K-State had invested in a trip to Greece for this summer, but an opportunity arose for the team to instead play in Israel at a later date that worked better for scheduling, and Tang needed someone to take the Greece trip off his itinerary.

“How much of it are you paying for?” Mills said he asked Tang with a laugh.

“He told me the dates and I said, ‘I’ll make it work. I’ll be happy to take it off your hands.’”

The relationship that dates back to 2003 in their first year together on Scott Drew’s staff at Baylor helped turn the situation into a win-win for both sides: K-State didn’t have to eat all of the cost for the Greece trip and was freed up to go to Israel, while WSU was able to take a foreign trip at a discount.

“It worked out well for them with the timing of the trip and it was able to help us in the timing of ours,” Tang told The Eagle. “Paul is my guy. Anything I can do to help Paul, except on the nights that we play each other, I’m willing to.

“I love him and his family and it’s really, really great for our state to have such terrific men leading the programs across the state.”

The timing couldn’t have been better for Mills, who now has 10 extra practices and three exhibition games to work with his new roster in his first year with the Shockers.

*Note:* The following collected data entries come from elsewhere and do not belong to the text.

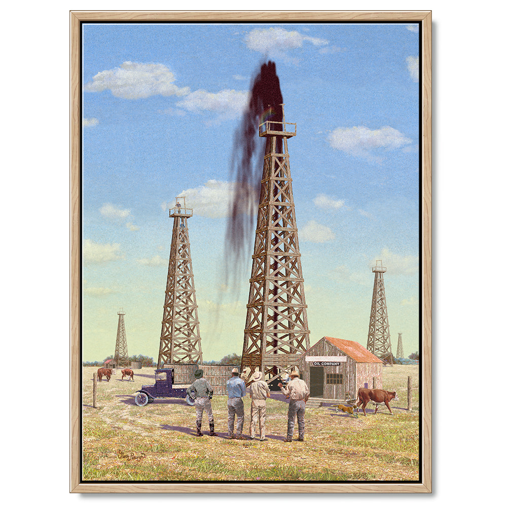 Roaring In Of #2 is one the canvas prints made from one my original oil paintings, acrylic paintings, or illustrations. We utilize the giclee printing reproduction process to create our art home decor. They are signed and numbered and limited editions of 950. Our art prints are made in America in our art studio in Corpus Christi, Texas. I can personalize this print by hand-lettering any name up to 16 characters on the white sign on the building. This scene depicts the change from cattle to oil in early 1900's Texas.
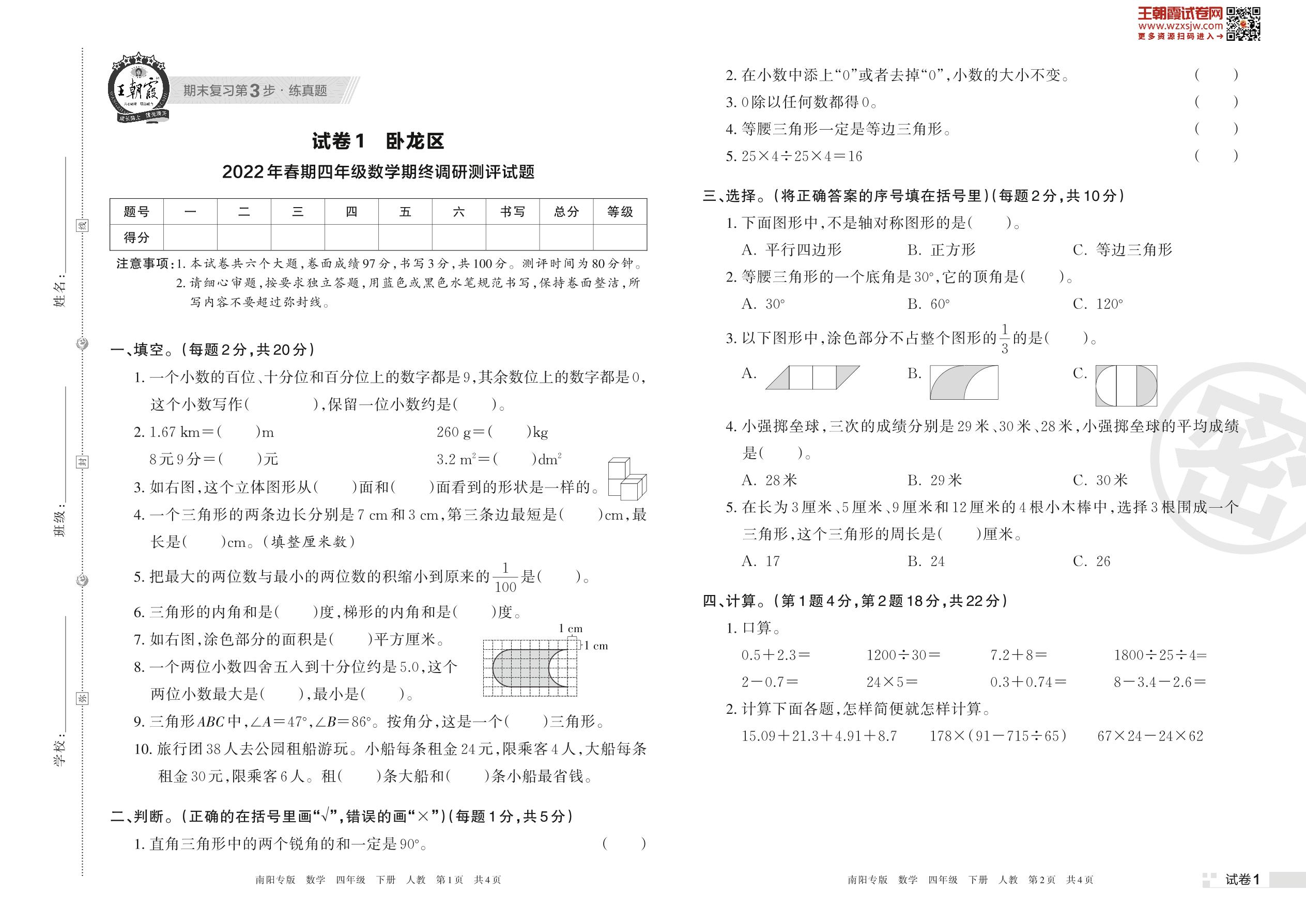 卧龙区2022年春期四年级数学期终调研测评试题(人教版)【1】
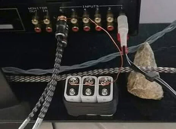 In short, all you need to match the quality of a hi-fi beamforming speaker system can be replaced with a few 9V batteries connected to your tuner with a paperclip. Thanks for coming to my audio engineering TED talk.
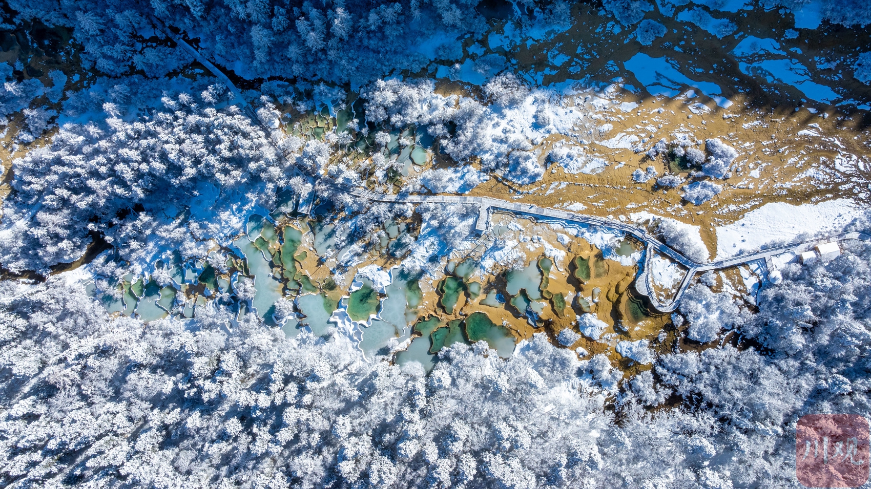 1月6日,雪后的黄龙景区,蓝绿、明黄、浅白等颜色相互交织,仿佛是大自然的调色盘。
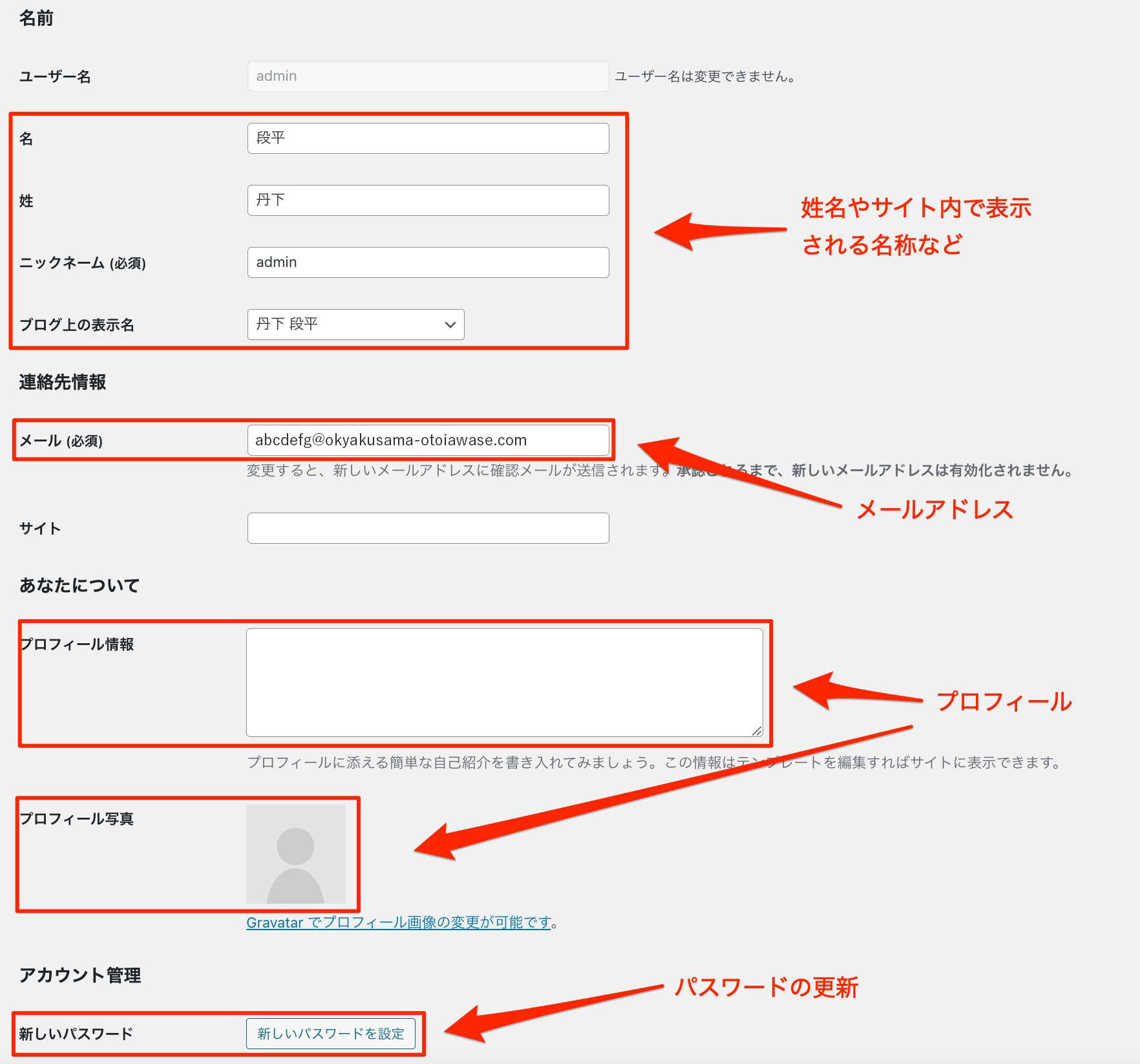 会員及び運営者のアカウント情報を管理する機能です。ユーザーの追加や削除、情報の編集が行えます。ユーザーごとにメールアドレスやパスワード、表示名などのプロフィール情報も設定できます。

It will be the first foreign exhibition tour for WSU since traveling to Canada in 2016. NCAA rules allow for one foreign trip every four years and the Shockers were scheduled for one during the summer of 2020, but the coronavirus pandemic canceled those plans.

WSU can practice fully as a team 10 times and up to four hours each day, which is not otherwise permitted during the summer, beginning on July 17 in the build-up to the exhibition tour, which is slated from August 1-10. Opponents and dates have yet to be finalized, but WSU is scheduled to make stops in Thessaloniki, Athens, Kalampaka and Corinth.

“Coaches get excited about practice,” Mills said. “Players aren’t as excited about it as we are. To get 10 of them and get four-hour practices, we won’t go four, but to get that much hands-on time with your guys is 100% beneficial.”